Os custos da agenda de Lewandowski em Mossoró


O ministro da Justiça e Segurança Pública, Ricardo Lewandowski, esteve em Mossoró neste domingo (18) para acompanhar os trabalhos de busca aos dois fugitivos do Presídio Federal. A sua vinda ao Rio Grande do Norte foi a convite da governadora Fátima Bezerra (PT), que já estava na cidade para acompanhar a posse do novo Bispo da Diocese, Dom Francisco Sales.

Lewandowski trouxe consigo o diretor-geral da Polícia Federal, e a expectativa era que a presença do ministro pudesse encerrar a caçada, com a esperança de que os foragidos fossem recapturados ainda ontem, o que não ocorreu.

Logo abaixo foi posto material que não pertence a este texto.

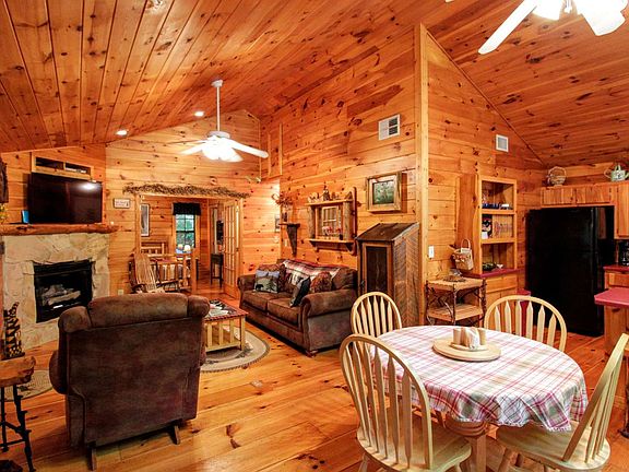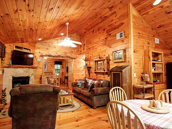 Best way to describe this cabin is oh yeah . . . . All one level with two bedrooms and two full baths, vaulted wood ceiling gives the great room a huge open feeling, wood flooring through out. Nice open kitchen layout with plenty of room for working. Double french doors leading out onto the wonderful covered and screened in porch with tongue and groove ceilings overlooking a private front yard with fire pit and room for sitting out under the stars. All paved road access in a lovely neighborhood with fiber optics! Come quick.
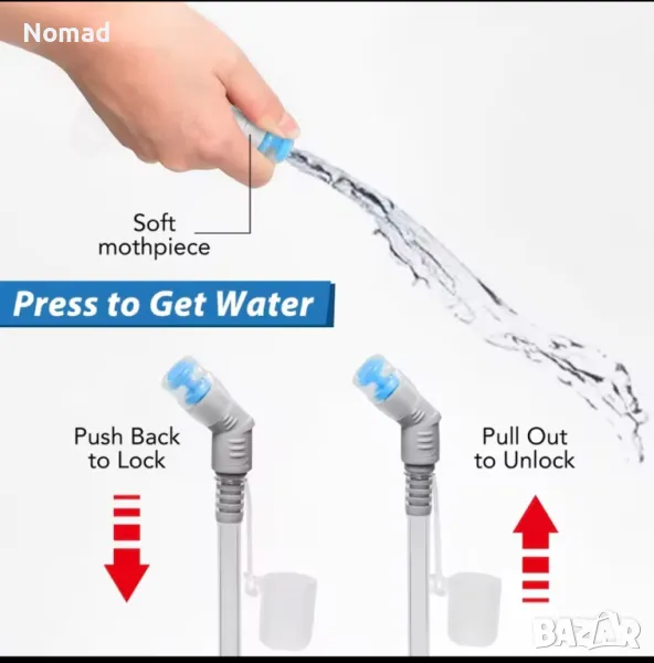 - Благодарение на използването на система за включване и пускане, хидратирането и отварянето могат да се извършват бързо и удобно. Специално проектираната превключваща система може да затвори здраво клапана по време на пътуване и разглобяемия интерфейс
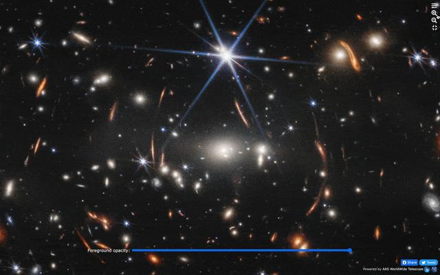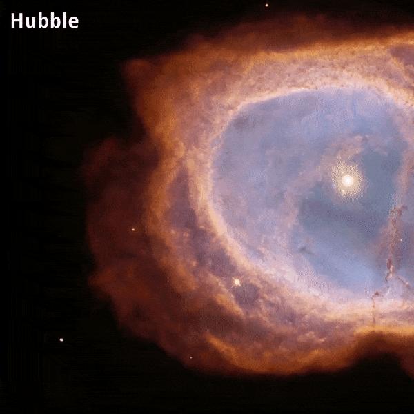 有网友将韦伯与哈勃所拍摄的图片做成了动图。相较之下,无论是从细节还是清晰度来说,都形成了更为直观的对比。
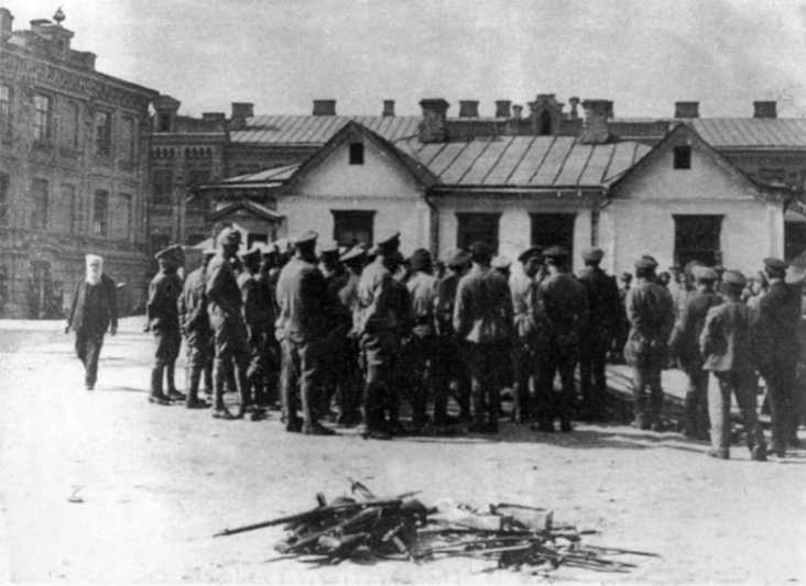 Михайло Грушевський (з лівого краю) на подвір’ї Луцьких казарм у Києві в день гетьманського перевороту і роззброєння січових стрільців. 30 квітня 1918 р.
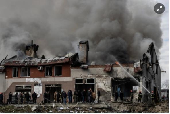 Hiện trường một vụ tấn công tên lửa tại Lviv, Ukraine hôm 18/4. Ảnh: New York Times.
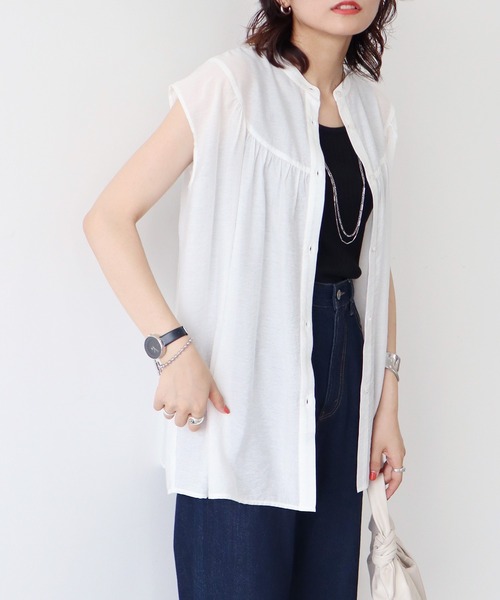 さりげないスタンドカラーに、たっぷりと前後に寄せたギャザー切り替えがフェミニンなブラウス。しっとりとしなやかなレーヨン混の美しいドレープが女性らしさを後押し!肩先までの着丈で一枚でも上品に着こなせるのもポイントです。ボトムスを選ばず、幅広いスタイリングにマッチしてくれます。透け感[有り]裏地[無し]伸縮性[無し]光沢感[無し]生地の厚さ[薄手]付属品[無し]ポケット[無し]● earth music&ecology ●(アース ミュージック&エコロジー)人とライフスタイルと環境に寄り添い、エントリーアイテムとトレンドアイテムをMash upさせ、いつでも心地よく過ごせる、自由な大人の女性を表現します。▼ 商品のお気に入り登録がおすすめです ▼商品ページ内のハートマークをクリック。完売時の再入荷や、最後の1点の通知、コーディネート画像がアップされたとき、お得なお値下げの際の通知を受ける事ができます。【お知らせ】ページでも通知が確認できます。
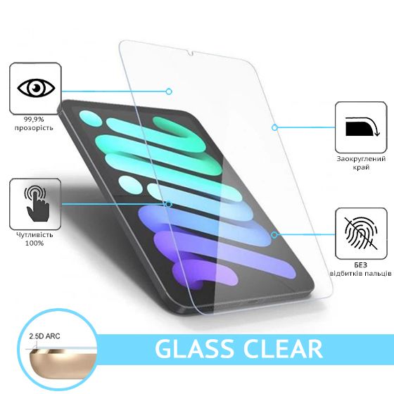 Захисне скло Glass Clear призначається для захисту екрану планшета Apple iPad mini 6 від подряпин та пошкоджень, для збереження його цілісності під час експлуатації.
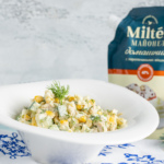 Salat uchun idishda barcha masalliqlarni makkajo’xori va tuz bilan birlashtiramiz.
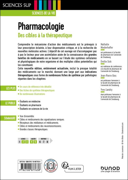 Comprendre le mécanisme d’action des médicaments est le prérequis à leur prescription éclairée, à leur dispensation critique, et à la recherche de nouvelles molécules actives. Cette compréhension est l’objectif de cet ouvrage qui a, dès sa première édition, totalement renouvelé l’approche pédagogique de la pharmacologie. Il s’adresse aux étudiants en médecine, pharmacie et sciences de la vie, mais aussi à tous les professionnels de santé qui y trouveront les connaissances et les concepts les plus récents. Pour être efficace le médicament utilise les systèmes cellulaires et physiologiques de notre organisme et les multiples cibles potentielles qui les constituent. C’est sur la base de ces systèmes et fonctions cellulaires et physiologiques que les auteurs emmènent pas à pas le lecteur pour une assimilation aisée de la connaissance des grandes familles de médicaments. Cette nouvelle édition, réactualisée, inclut la presque totalité des médicaments sur le marché, donnant une large part aux indications thérapeutiques sous forme de nombreuses fiches de synthèse par pathologies réparties dans les chapitres.
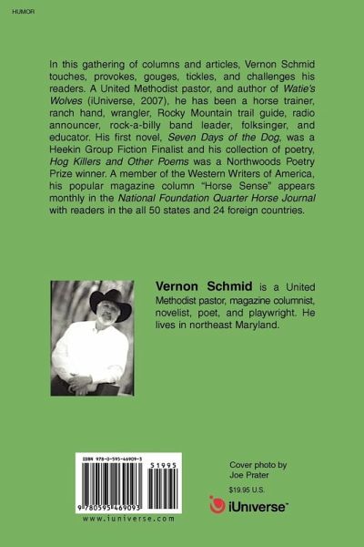 In this gathering of columns and articles, Vernon Schmid touches, provokes, gouges, tickles, and challenges his readers. A United Methodist pastor, and author of Watie's Wolves (iUniverse, 2007), he has been a horse trainer, ranch hand, wrangler, Rocky Mountain trail guide, radio announcer, country, rock-a-billy, folksinger and educator. His first novel, Seven Days of the Dog, was a Heekin Group Fiction Finalist and his collection of poetry, Hog Killers and Other Poems was a Northwoods Poetry Prize winner. A member of the Western Writers of America, his popular magazine column "Horse Sense" appears monthly in the National Foundation Quarter Horse Journal with readers in the all 50 states and 24 foreign countries.
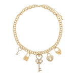 Unlock your style with the Heart & Key Crystal Charm Necklace! This exquisite piece features a delicate gold chain adorned with sparkling crystal heart and keylock charms, creating a stunning focal point. Perfect for layering or wearing solo, it adds a touch of elegance and whimsy to any outfit. Don’t miss out on this charming addition to your jewelry collection!
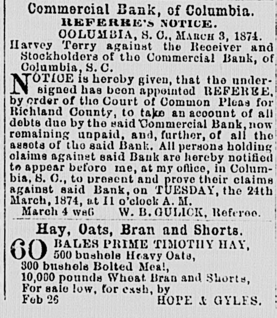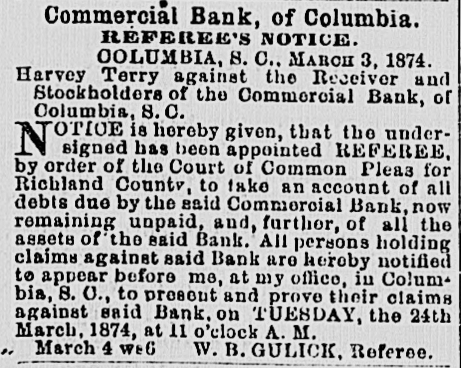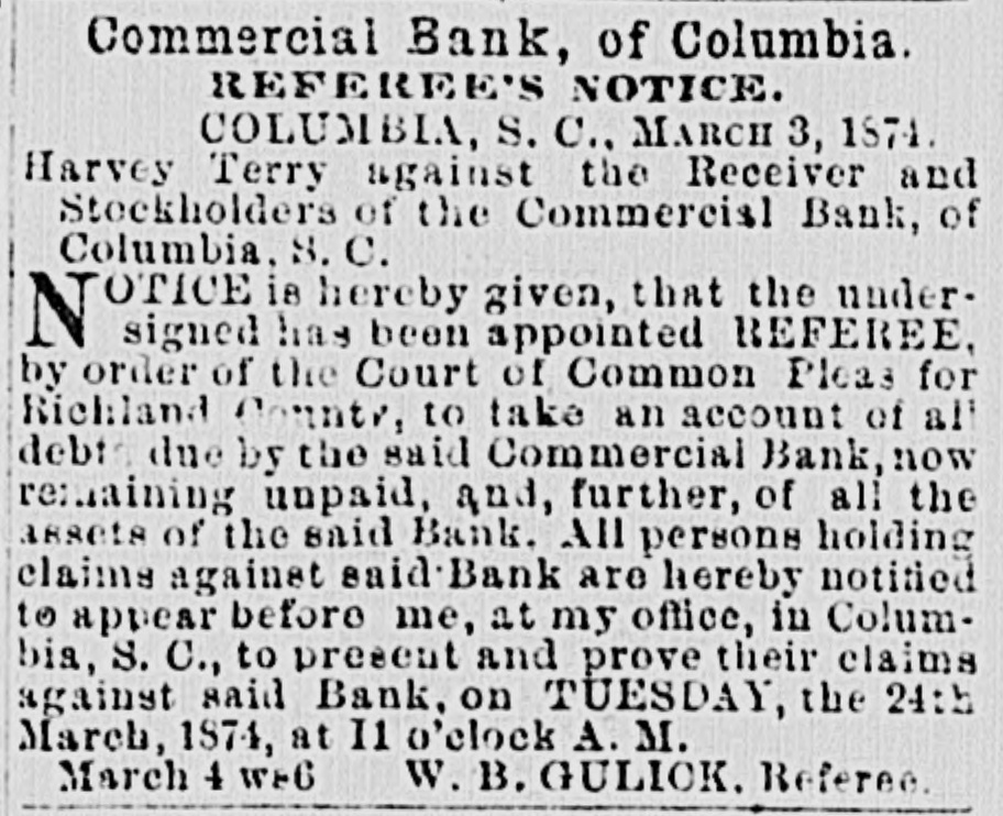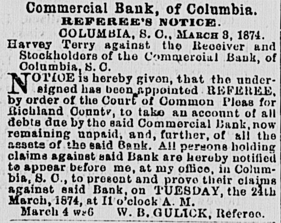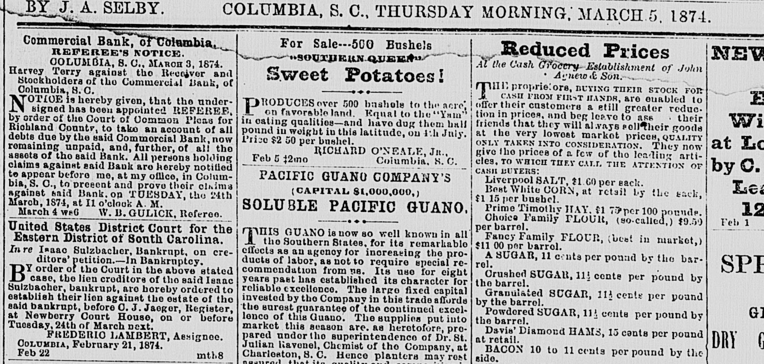 MAIL ABRANGEMENTS.-T Northern mail opens 6.30 A. M. and 3.00 P. M. closes 8 P. M. and 11.00 A. M. Charleston day mail opens 15 P. M.; closes 6 A. M.; night opens 7.00 A. M.: closes 6.15 P.M. Greenville opens 6.45 P. M. closes 6 A. M. Western opene 6.30 A M. and 12.30 P. M.; closes 8 and 1 P.M. Wilmington opens 3.30 I'. M.: closes 10.30 A. M. On Sunday the office ie open from 3 to 4 P. M. HEELS-LADIES' HEELS -The heel, the shoe heel, is hereafter to be made upon the idea of common sense and common comfort. Paris makes the move, and of course the fashionable world will follow. The heel will be low, and made as near as possible like the natural heel. No more wabbling and ungraceful movements-ease, comfort and grace will characterize the Indies who walk in the new shoe. Physiologically speaking, the present shoe beel is all outrage. DEATH OF AN CX COSPEDERATE -Capt. John Waties departed this life, yesterday, about 12 o'clock, at Lis residence this city. His age WILL forty-five. He was born in Statesburg, S. C., in 1828. Capt,,Waties was a grand-son of Chancellor Tnomas Waties and nephew of Bishop Rutledge, of Florida. The deceased was a graduate of Yale College, and practiced law in Columbia for many years. Upon the resignation of A. Herbemont, Esq, be was chosen Clerk of the Appeal Court of the State, which position he held for a period of ten years. At the beginning of the war, he volunteered and was elected First Lieutenant in Green's battery of artillery. Ie participated in the capture of Fort Sumter; at the first battle of Manassas, was on the staff of Gen. Wade Hampton; afterwarde commanded a light battery, and served in South Carolina and in the West. He was severely wounded during the terrible engagement at Franklin, Tennessee, where be was serving as chief of artillery in cavalry service. At the close of the war, he successfully resumed the practice of law. Capt. Waties was a gentleman without reproach. Heleaves a wife, several children, many other relatives and hosts of friends to lament his decease. SUPREME COURT, COLUMBIA, April 29. The Court mot at 10 A. M. PresentChief Justice Moses and Associate Justices Wright and Willard. Harvey Terry vs. Receiver ei al. of Commercial Bank. Mr. Carroll resumed and concluded his argument for defendants; Mr. Chamberlain in reply. The State c.c rel. Gary, State Auditor, vs. Parker, State Treasurer, et al. Submitted on printed brief and arguments. Messrs. Magrath & Lowndes and Rion for appellants; Mesars. Pope & Haskell for respondents. J. S. Guignard et al. vs. Wm. Kinsler el al. Mr. Pope for appellants; Mr. Tradewell for respondents. Columbia Water Power Company vs. city of Columbia, etc. Messrs. Pope and Youmans for appellants. The following decision was rendered: Mary II. Means et al. vs. Trezevant D. Feaster et al. Motion dismisse.l. Opinion by Wright. A. J. The Court adjourned until Wednesday, 30th, 10 A. M., when the Eighth Circuit will be called. DEATH OF MR. JOHN SLOMAN.-The Charleston News furnishes the following brief autobiography of an elderly gentleman, who formerly resided in Columbia-Mr. John Sloman: "The accidental omission of one letter in our mention, yesterday morning, of the death of Mr. John Sloman, made the item refer apparently to Mr. John Sloan, who was also at one time well known in connection with dramatic affairs in Charleston, but who died some years ago, and whose widow has been married for five or six years to Dr. Richards, a prominent journalist of New York. Mr. Sloman, who was seventy-nine years of "ge at the time of his death, was well known to the theatre-goers of the last generation as a favorito actor in comic I and pathetic roles, and about twenty-five years ago he settled in this city and assumed the management of the Charleeton Theatre. His greatest success
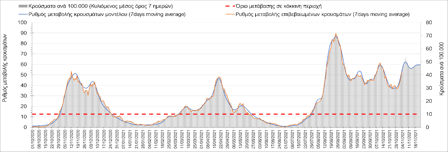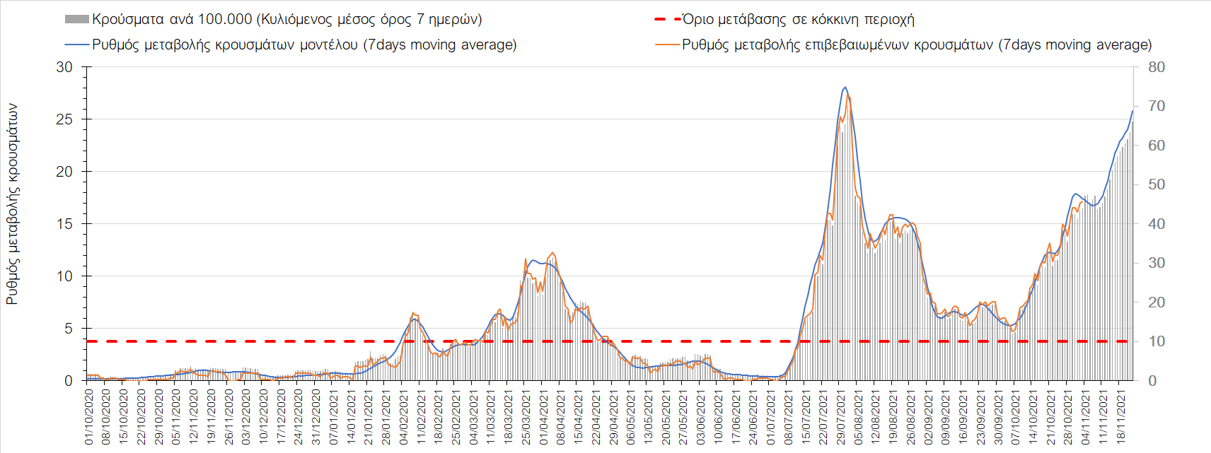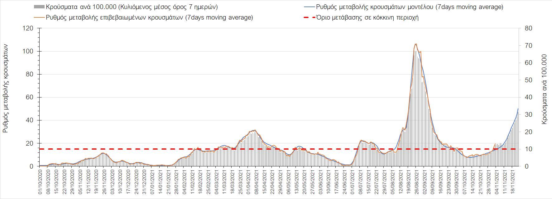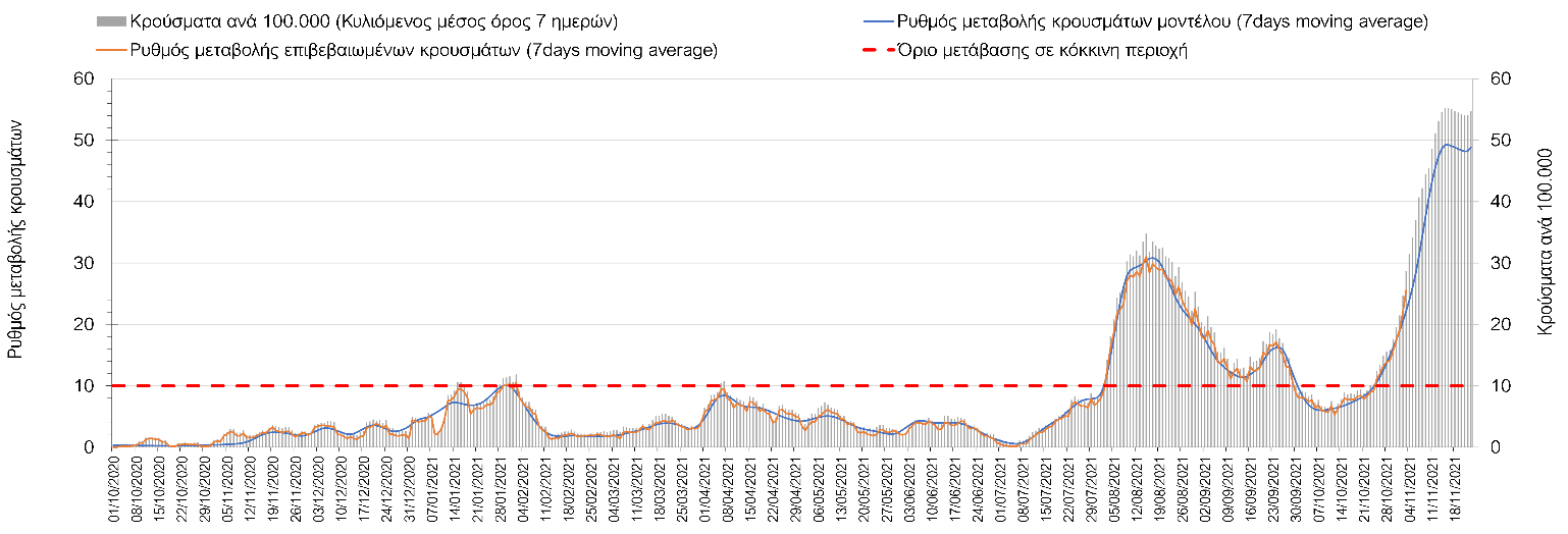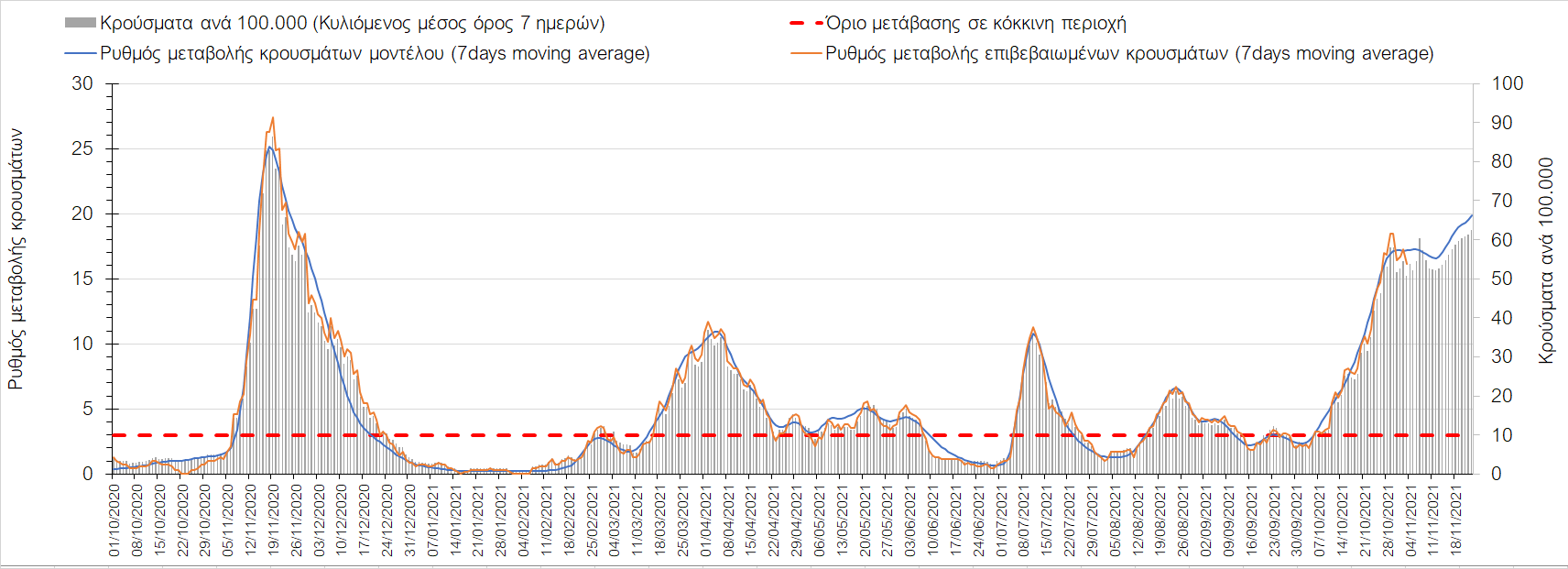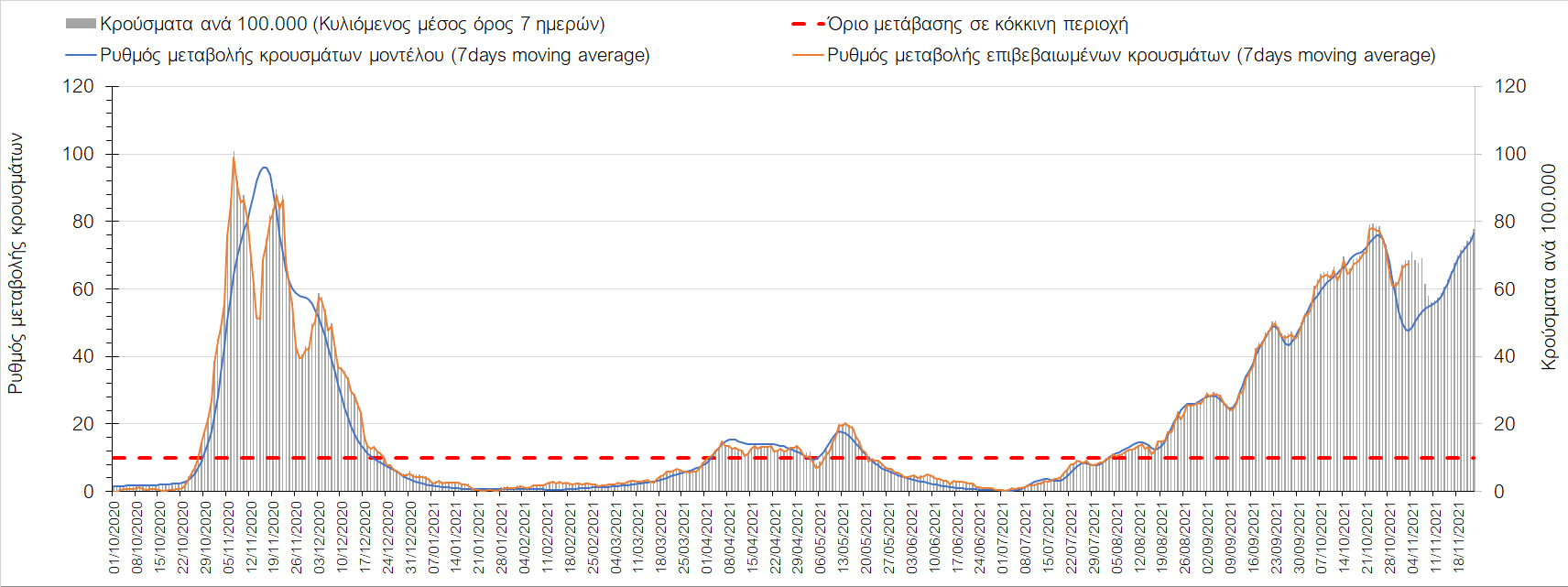 Συνολικά η ανοδική τάση των τελευταίων ημερών αντικατοπτρίζεται και από τον ημερήσιο αριθμό των κρουσμάτων (κυλιόμενος μέσος όρος 7 ημερών), ο οποίος ξεπέρασε τα 4600 (4621). Γενικά την τελευταία εβδομάδα συνεχίστηκε η αύξηση του αριθμού των κρουσμάτων (κυλιόμενος μέσος όρος 7 ημερών) που ξεκίνησε την προηγούμενη, κάτι που αναμέναμε να συμβεί μετά τα μέσα Οκτώβρη.

A coletiva de imprensa realizada no Hotel Thermas frustrou os jornalistas mais uma vez, pois não apresentou informações concretas nem objetivas. Suas respostas foram direcionadas apenas à CNN Brasil, deixando os profissionais locais que cobrem o caso desde o início, a ver navios.

Um destaque na agenda foi o encontro amigável de Lewandowski com a ex-prefeita Rosalba Ciarlini, que articula uma aliança com o petismo em busca de retornar à Prefeitura de Mossoró. O ministro aparentava mais ser um presidente de partido a caminho de uma convenção, e o aspecto político-eleitoral ganhou mais destaque do que a situação de insegurança na região.

O ministro se restringiu a uma passagem rápida na sede da Polícia Federal, uma coletiva no Thermas e um almoço no Restaurante Donna Salada. Não visitou o presídio para constatar a situação.

Resta saber quanto teria custado aos cofres públicos toda essa operacionalidade, incluindo diárias e agentes, para que o ministro viesse a Mossoró para não dizer nada com coisa alguma?